EXERCISE REQUIREMENTS: Return each line of the records with nothing changed, pictures excepted.

INPUT:

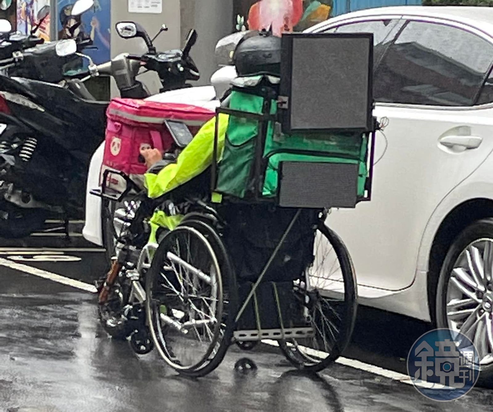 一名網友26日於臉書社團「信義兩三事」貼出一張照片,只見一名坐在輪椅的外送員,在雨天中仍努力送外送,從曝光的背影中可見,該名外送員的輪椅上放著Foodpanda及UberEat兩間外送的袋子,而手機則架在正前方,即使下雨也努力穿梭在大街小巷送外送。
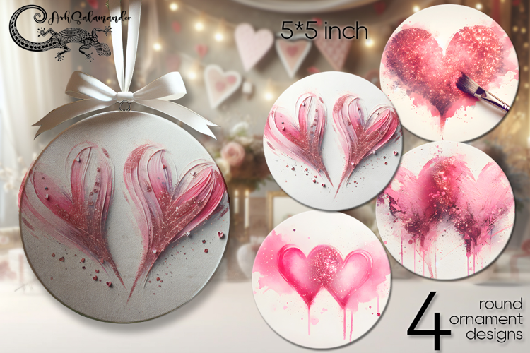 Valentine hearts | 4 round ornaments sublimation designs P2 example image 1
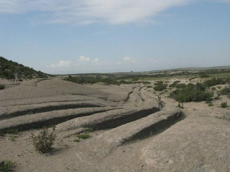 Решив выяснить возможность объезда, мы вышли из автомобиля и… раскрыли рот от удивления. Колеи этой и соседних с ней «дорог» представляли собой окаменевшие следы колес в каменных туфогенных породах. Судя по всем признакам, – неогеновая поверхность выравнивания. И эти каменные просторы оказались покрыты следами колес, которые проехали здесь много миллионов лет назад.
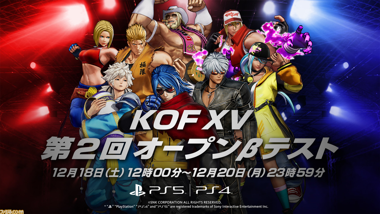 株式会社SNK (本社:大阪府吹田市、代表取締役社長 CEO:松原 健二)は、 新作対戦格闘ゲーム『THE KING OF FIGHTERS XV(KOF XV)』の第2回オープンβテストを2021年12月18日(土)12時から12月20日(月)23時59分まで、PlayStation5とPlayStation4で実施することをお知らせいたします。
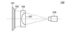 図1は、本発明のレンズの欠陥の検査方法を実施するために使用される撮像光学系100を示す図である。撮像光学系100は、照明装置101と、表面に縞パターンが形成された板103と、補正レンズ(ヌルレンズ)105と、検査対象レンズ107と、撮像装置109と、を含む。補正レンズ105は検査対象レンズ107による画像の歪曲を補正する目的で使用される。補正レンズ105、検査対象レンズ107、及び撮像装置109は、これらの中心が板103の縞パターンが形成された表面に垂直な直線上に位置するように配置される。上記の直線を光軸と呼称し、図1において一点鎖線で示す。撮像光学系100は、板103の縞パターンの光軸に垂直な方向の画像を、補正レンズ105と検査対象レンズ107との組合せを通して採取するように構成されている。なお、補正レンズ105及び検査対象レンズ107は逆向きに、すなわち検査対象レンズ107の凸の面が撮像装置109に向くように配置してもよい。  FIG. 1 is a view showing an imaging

EXERCISE RESPONSE:
 一名網友26日於臉書社團「信義兩三事」貼出一張照片,只見一名坐在輪椅的外送員,在雨天中仍努力送外送,從曝光的背影中可見,該名外送員的輪椅上放著Foodpanda及UberEat兩間外送的袋子,而手機則架在正前方,即使下雨也努力穿梭在大街小巷送外送。
 Valentine hearts | 4 round ornaments sublimation designs P2 example image 1
 Решив выяснить возможность объезда, мы вышли из автомобиля и… раскрыли рот от удивления. Колеи этой и соседних с ней «дорог» представляли собой окаменевшие следы колес в каменных туфогенных породах. Судя по всем признакам, – неогеновая поверхность выравнивания. И эти каменные просторы оказались покрыты следами колес, которые проехали здесь много миллионов лет назад.
 株式会社SNK (本社:大阪府吹田市、代表取締役社長 CEO:松原 健二)は、 新作対戦格闘ゲーム『THE KING OF FIGHTERS XV(KOF XV)』の第2回オープンβテストを2021年12月18日(土)12時から12月20日(月)23時59分まで、PlayStation5とPlayStation4で実施することをお知らせいたします。
 図1は、本発明のレンズの欠陥の検査方法を実施するために使用される撮像光学系100を示す図である。撮像光学系100は、照明装置101と、表面に縞パターンが形成された板103と、補正レンズ(ヌルレンズ)105と、検査対象レンズ107と、撮像装置109と、を含む。補正レンズ105は検査対象レンズ107による画像の歪曲を補正する目的で使用される。補正レンズ105、検査対象レンズ107、及び撮像装置109は、これらの中心が板103の縞パターンが形成された表面に垂直な直線上に位置するように配置される。上記の直線を光軸と呼称し、図1において一点鎖線で示す。撮像光学系100は、板103の縞パターンの光軸に垂直な方向の画像を、補正レンズ105と検査対象レンズ107との組合せを通して採取するように構成されている。なお、補正レンズ105及び検査対象レンズ107は逆向きに、すなわち検査対象レンズ107の凸の面が撮像装置109に向くように配置してもよい。  FIG. 1 is a view showing an imaging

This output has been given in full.